Aug 16, 2011

Tibet: Beijing Claims Lawyer Forgot His Way Home

Chinese Authorities are claiming that outspoken human rights lawyer, Gao Zhisheng lost his way home after being released from five years of probation.  The lawyer remains missing as his wife calls on the international community for help securing his freedom.

Below is an article published by Radio Free Asia:

Outspoken Chinese rights lawyer Gao Zhisheng remains missing despite the end on Sunday of a five-year period of “probation,” and his wife is calling on the international community to press China to free him.

“There has been no word from him at all,” Gao’s U.S.-based wife Geng He said in an interview on Monday [date].

“I called the Public Security Bureau in Beijing, and they said ‘Gao Zhisheng has lost his way home,’” said Gao’s older brother, Gao Zhiyi.

“That is completely impossible,” added Gao. “How could an adult like him lose his way home?”

Gao Zhisheng, 49, was last seen by his family in April 2010.
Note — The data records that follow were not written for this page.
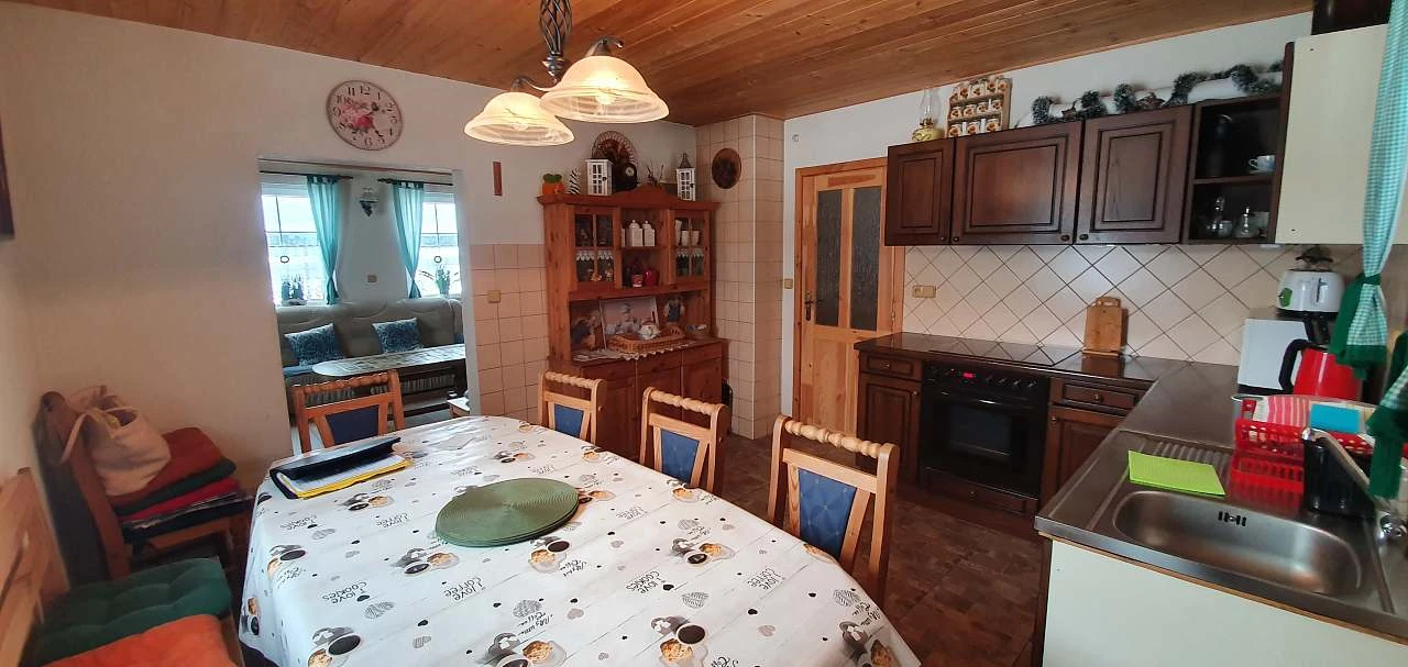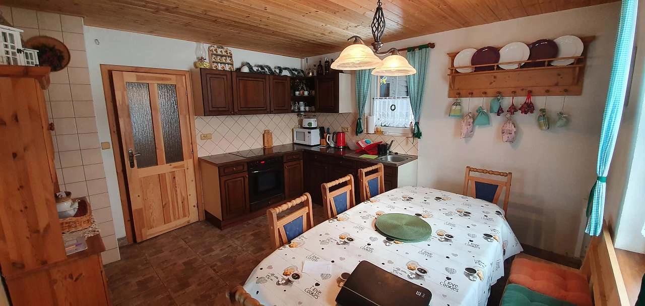 Sociální zařízení zahrnuje v přízemí dvě sprchy, dvě WC a dvě umyvadla, zatímco v patře je jedno WC a jedno umyvadlo. K dispozici je vybavená kuchyň s nově zabudovanou myčkou nádobí. Vně objektu je terasa s posezením a grilovací domek. Parkování je možné přímo u chalupy pro pět aut, další velké parkoviště se nachází přibližně 300 metrů od objektu.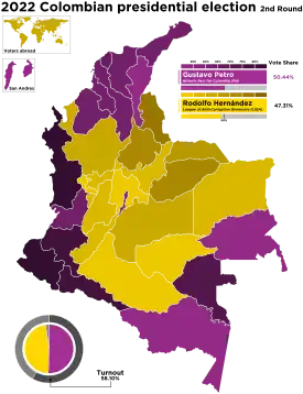 Petro won the runoff with 50.42% of the vote to Hernández's 47.35%.[12] Petro dominated in regions on Colombia's Caribbean and Pacific coasts,[6][13] and received over 81% of the vote in the coastal department of Chocó.[14] Due to an increased turnout among his supporters, Petro received nearly 2.7 million more votes in the second round than the first.[13][15] The result was noted for a continuing trend of left-wing victories in Latin America,[6] which has been dubbed as a "new pink tide".[9][16][17]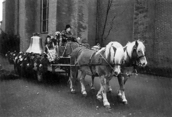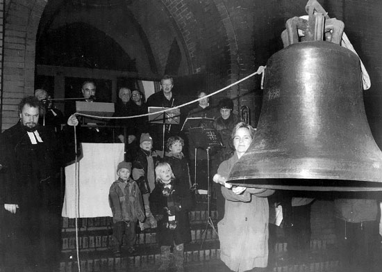 Durch Flucht und Vertreibung kamen viele Menschen in den Westen. Auch die große Glocke, die jetzt im Kirchturm hängt, hatte ihre Heimat verloren. Sie stammt aus Marklissa, Kreis Lauban, in Schlesien. Auf dem „Glockenfriedhof" in Hamburg hatte sie den Krieg überstanden. Seit 1945 tut sie in unserer Kirche ihren Dienst und sagt der Gemeinde, wenn sie allein läutet, daß ein Trauerzug über den Friedhof geht.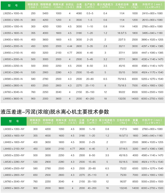 機(jī)械差速-污泥(濃縮)脫水離心機(jī)主要技術(shù)參數(shù)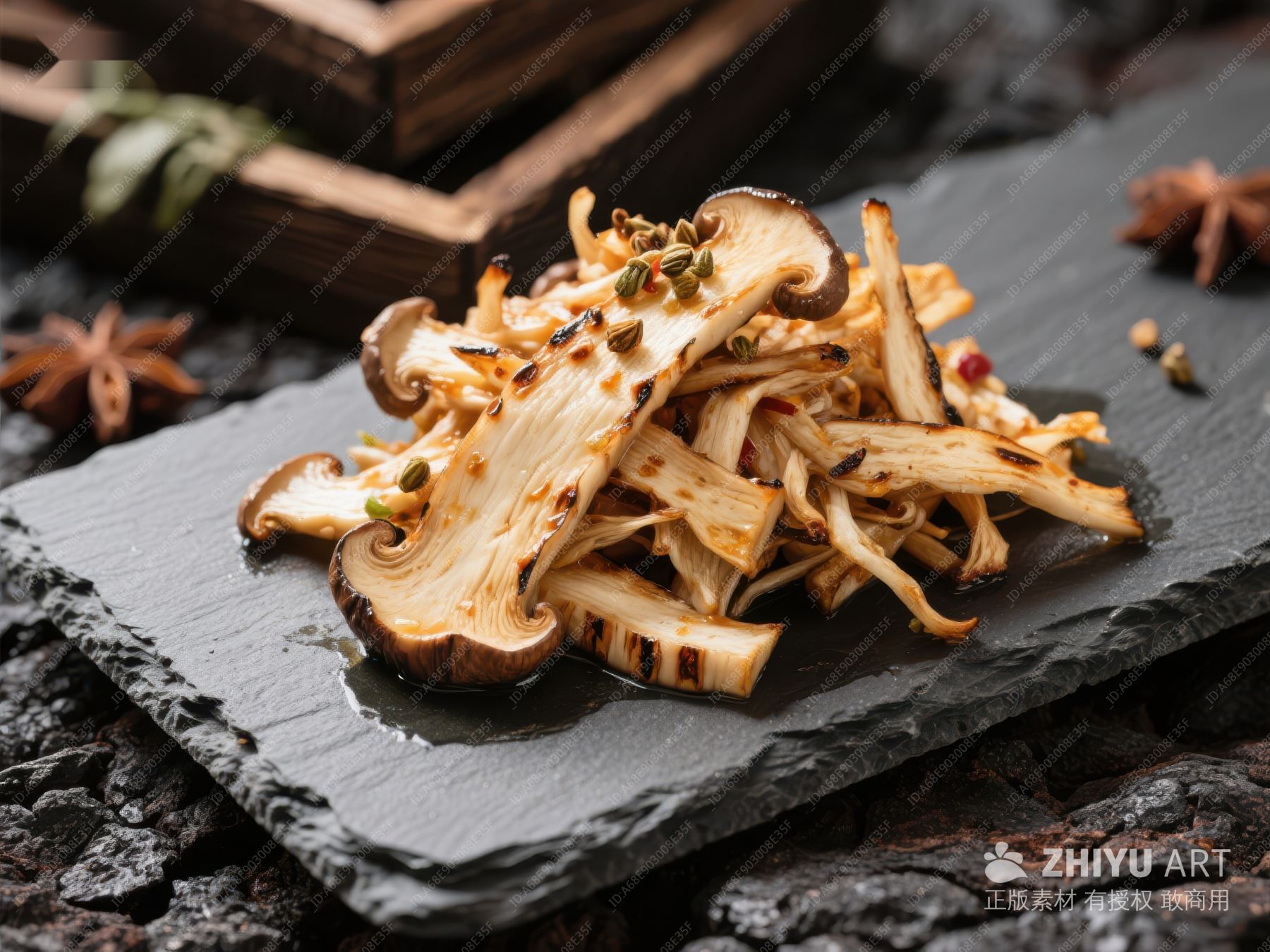 烤松茸蘑菇,撒上香料 593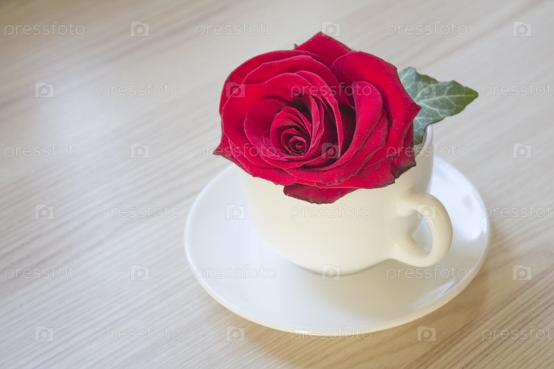 Красная роза в белой чашке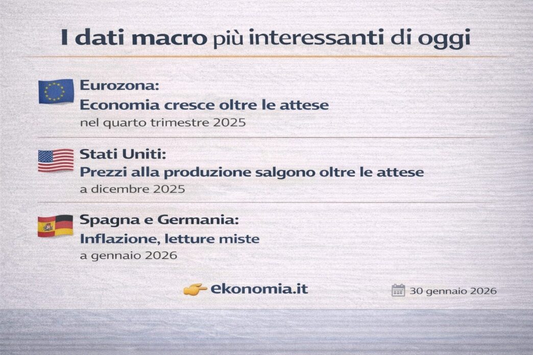 Nel quarto trimestre del 2025 l’economia dell’Eurozona ha registrato una crescita dello 0,3% su base trimestrale, in linea con il trimestre precedente e leggermente superiore alle attese di mercato. Il risultato riflette andamenti differenziati tra le principali economie. La Spagna ha guidato l’espansione con la crescita più sostenuta dell’ultimo anno, superando le previsioni grazie al rafforzamento dei consumi delle famiglie e degli investimenti fissi. I Paesi Bassi hanno mostrato una performance solida, trainata soprattutto dalle esportazioni. Germania (ritorno alla crescita) e Italia hanno entrambe registrato un incremento dello 0,3%, oltre le stime, mentre la Francia si è fermata allo 0,2%, segnando il ritmo trimestrale più debole dal primo trimestre del 2025. Su base annua, il PIL dell’Eurozona è cresciuto dell’1,3%, sopra le attese. Nel complesso del 2025 la crescita ha raggiunto l’1,5%, migliorando nettamente rispetto al 2024 e superando le proiezioni della Commissione europea.

“Following his [earlier] arrest on Aug. 15, 2006, this is the sixth time that Gao Zhisheng has gone missing for an extended period. The family is very worried,” Geng said.

“We have to search for him by ourselves, and his older brother has posted a public ‘missing person’ notice to look for him,” she said.

Gao was handed a five-year sentence of probation in lieu of a three-year prison sentence in 2006 for “subversion.”  That period of probation officially ended on Sunday.

Geng He fled to the United States from China with both their children in 2009.

“This Aug. 14 was the last day of probation,” Geng said. “I think there is absolutely no reason for the Chinese authorities to keep locking my husband up.”

“I urge them to release my husband. Our children are missing their father,” Geng said.

Geng Ge, the daughter of Gao and Geng, expressed her longing for her father to come home.

“I miss my dad day and night, so I have posted many of his photos on the wall in my room. Sometimes I talk to those pictures,” she said.

Geng He called on the international community to pressure Beijing to release her husband.

“I know that U.S. Vice President Joe Biden will travel to China. I hope that he can raise the issue of my husband in Beijing,” Geng said.

Joe Biden leaves for Beijing on Aug. 16.

Geng said that on Sunday, she received a letter from Edward McMillan-Scott, a British member and vice president of the European Parliament, expressing concern over Gao’s continued disappearance.

Geng said that she will forward a copy of the letter to Baroness Cathy Ashton, the European Union High Representative for Foreign Affairs.

“They have been paying attention to the abduction and torture of my husband.”